Ich war auf die nahe Zukunft sehr gespannt…
***
Die Frau, die uns in ihrem Büro empfing, konnte durchaus als Mannweib beschrieben werden. Sie vereinigte alle Vorurteile in sich, die man sich von Menschen machte, die in einem Gefängnis das Sagen hatten. Sie war groß, knochig, trug eine graue Uniform und hatte ihr Haar kurz geschnitten. Das Gesicht zeigte scharfe Züge, und der Mund wies an beiden Seiten einen Zug nach unten auf.
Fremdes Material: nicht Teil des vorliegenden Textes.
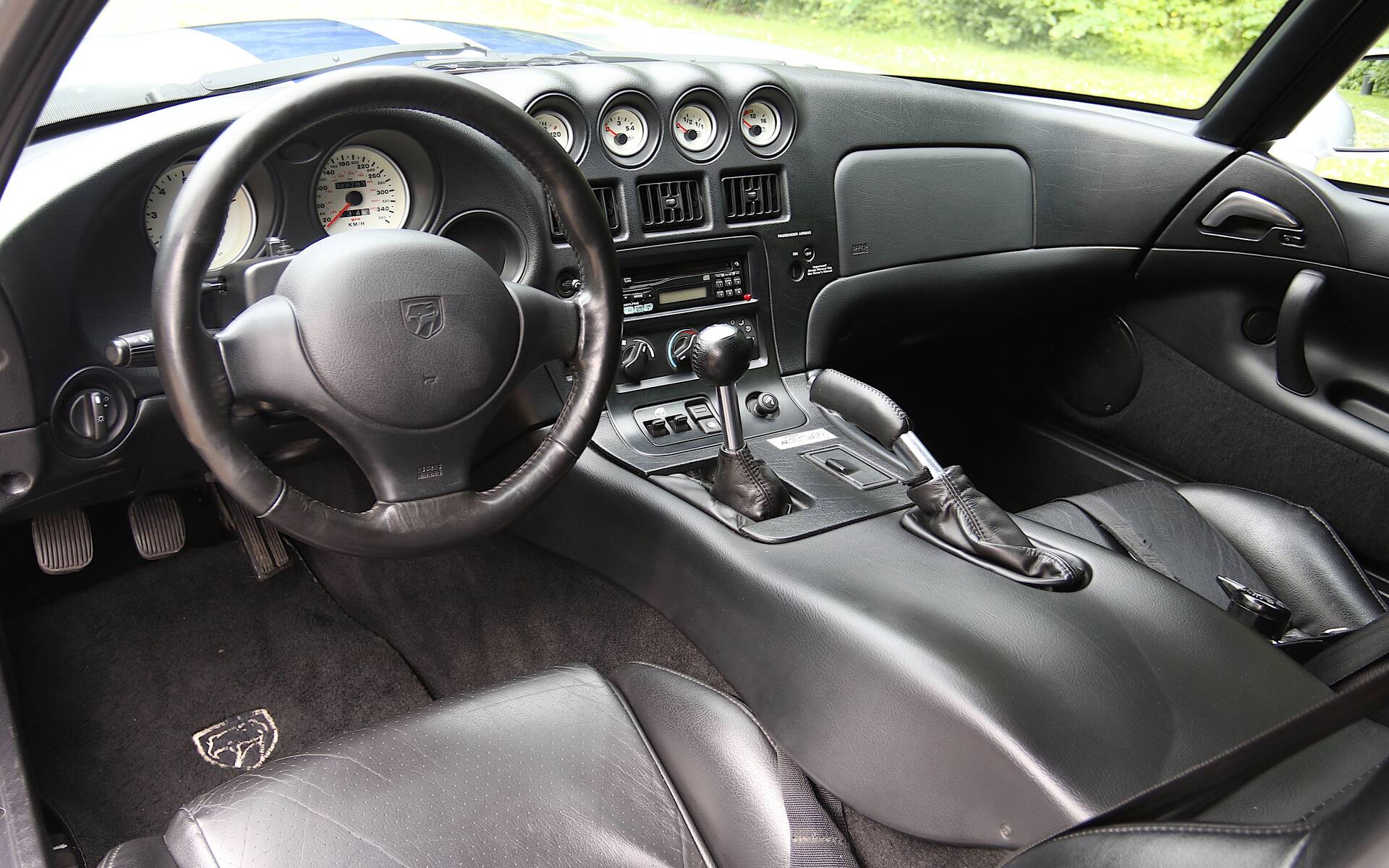 Posée au ras du sol, large et trapue, la voiture demeure toujours aussi intimidante aujourd’hui. À l’ouverture de la portière, la largeur du seuil impose quelques contorsions au moment de monter à bord. La qualité de finition n’est clairement pas son point fort, la Viper reprenant certaines commandes déjà vues dans des véhicules bon marché du Groupe Chrysler. La console centrale est immense, avec un gros levier de vitesse planté dessus. Le volant oblige à tendre un peu les bras, mais le pédalier réglable en profondeur permet tout de même de trouver une position de conduite correcte.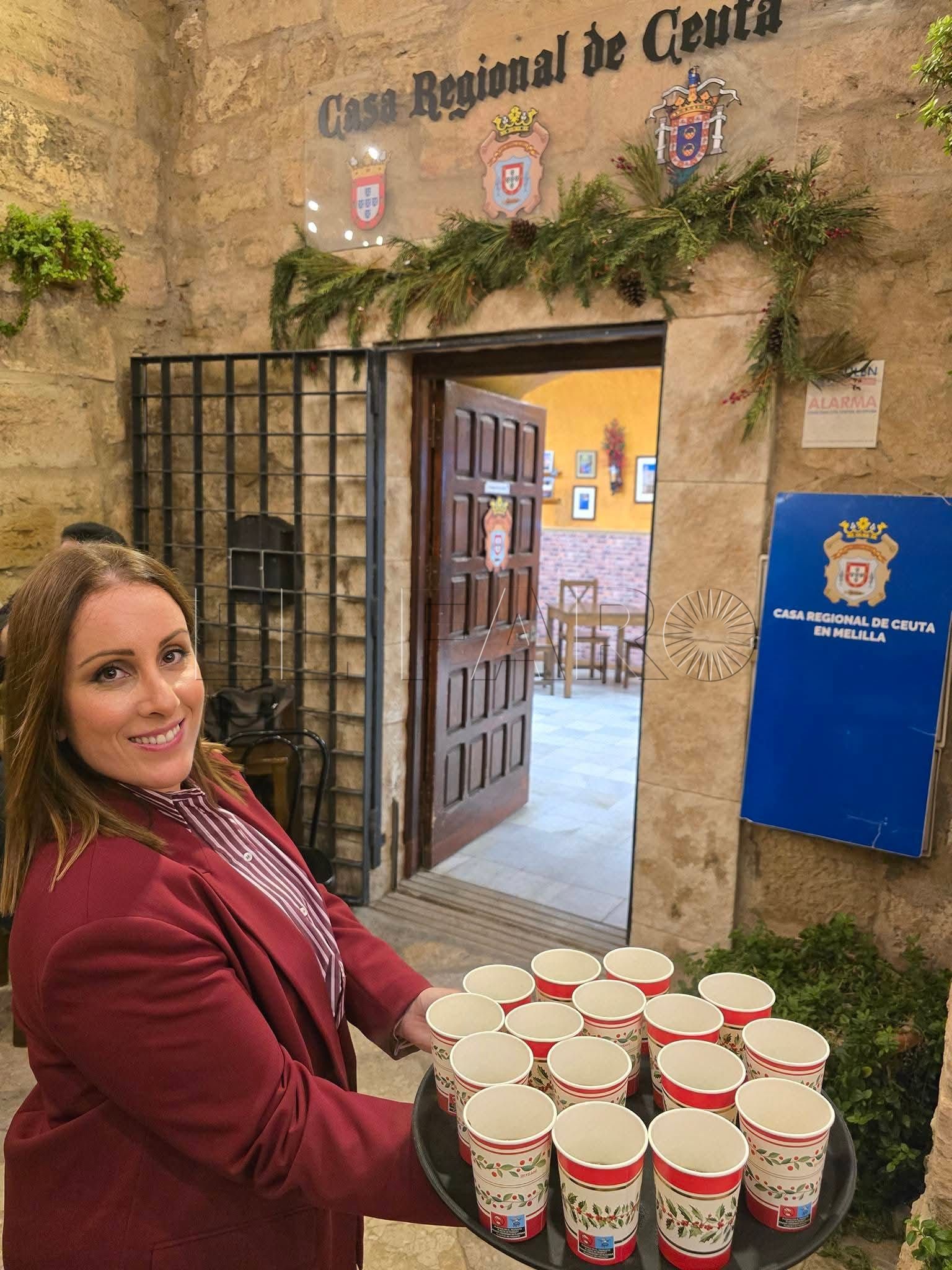La Casa regional de Ceuta en Melilla celebró la llegada de la Navidad con un acto muy especial en el que proclamó a Rocío Matesanz Ruiz como "Caballa de Oro 2025", su máxima distinción anual. La entrega del reconocimiento se realizó en un ambiente festivo y acogedor en la sede de la entidad, ubicada en el emblemático Callejón de San Juan, que fue decorado con esmero para la ocasión, con luces navideñas, adornos tradicionales y un bidón con troncos de olivo y encina que aportaban calidez al entorno.

»Wäre es nach mir gegangen«, sagte sie, »wäre diese Person noch bei uns geblieben. Und zwar in einer Einzelzelle und so lange, bis sie uns die Wahrheit gesagt hat. Darauf können Sie sich verlassen. Es ist ungeheuerlich, was sie getan hat.«
»Möglicherweise nicht bewusst«, sagte der Anwalt, der mich begleitet hatte.
»Was soll das denn?«
»Denken Sie darüber nach.« Corbucci lächelte und schob ihr ein Schreiben über den fleckigen Schreibtisch. »Da steht alles, was Sie brauchen, Patrona. Für weitere Fragen stehen wir Ihnen nicht zur Verfügung, denn unsere Zeit ist begrenzt.«
Sie schaute sich das Papier nur flüchtig an und leckte dabei über ihre Oberlippe. Hätte nur noch gefehlt, dass sie einen Damenbart befeuchtet hätte, aber der wuchs dort nicht.
»Schon gut.«
»Dann können wir Gabriela jetzt mitnehmen?«
»Können Sie.« Ihre Augen verengten sich. »Packen Sie diese Teufelin mit dem Engelsgesicht ein. Ich will sie hier nicht mehr sehen. Sie bringt nur Unheil über diesen Ort.« Mit einer zackigen Bewegung erhob sie sich. »Folgen Sie mir.«
Es war das Beste, was sie hatte sagen können. Ich war froh, diesen kahlen Raum, in dem es nichts Freundliches gab, verlassen zu können. Der hatte sich den Knastzellen angepasst, sogar ein Gitter gab es vor dem Fenster.
Gabriela Monti wartete dort auf uns, wo die Besucher normalerweise hineingeführt wurden. Sie saß auf einem Stuhl, schaute auf ihre Knie und hatte eine schmale Reisetasche neben sich stehen.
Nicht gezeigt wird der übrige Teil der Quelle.